Picoblaze offers a lot of bang for the buck. Especially in S3, where you have 1k program space. Since it sounds like you have to handle a lot of task which are not too time critical, I would go for the Picoblaze. Also, odification in the control algorithm are done much easier in the picoblaze than in a FSM.

Regards Falk

Reply to
Falk Brunner

The PicoBlaze is absolute gem and easy to use. At one block ram and under a hundred slices in size it is not that big, but can do quite a lot of work. One of the things that I like about it is that I can change its program without having to resynthesize and place and route again.

They are very well suited for large state machines that need to deal with events at microsecond or slower rates. We have used them on a V4FX with the TEMAC to offload a custom IP/UDP protocol at GIGE rates, on a Spartan3e to read the file system on a MiniSD card, and on a V2 to run the adapation algorithm of some adaptive filters. In all of these applications, I think that it was simpler to write the assembly code than it would have been to write a VHDL/Verilog state machine, and probably used less resources as well.

On the Xilinx web site, there is a fourm dedicated to the PicoBlaze with some links to PicoBlaze programs for IIC, serial ports etc that may be of interest to you as examples.

Regards,

John McCaskill

Reply to
John McCaskill

In general, if you can easily turn a hardware problem into software, that's probably the right thing to do.

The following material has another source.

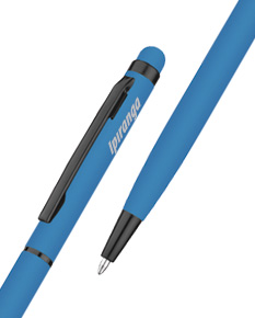 Caneta esferográfica de metal com escrita em azul e ponta touch para uso em telas sensíveis ao toque. Possui corpo emborrachado que proporciona pegada confortável e firme durante a escrita. O detalhe preto agrega contraste moderno ao design, valorizando o acabamento da peça. Ideal para uso profissional e ações promocionais, unindo tecnologia, elegância e funcionalidade em um único produto.

How many states will your system have? Will a circles and arrows drawing of your state machine fit on a page? For anything bigger than a page, I try hard to turn it into software. I find it much easier to deal with a complicated problem when thinking of it as software.

Do you have lots of multi way branches? Do you have enough time to turn them into a chain of two way branches? ...

The main disadvantage of using software is that you have to setup and maintain a software development environment in addition to your FPGA environment. That's usually a lot easier after you have done it the first time.

Another answer is to do (or try) both and see which one you like better.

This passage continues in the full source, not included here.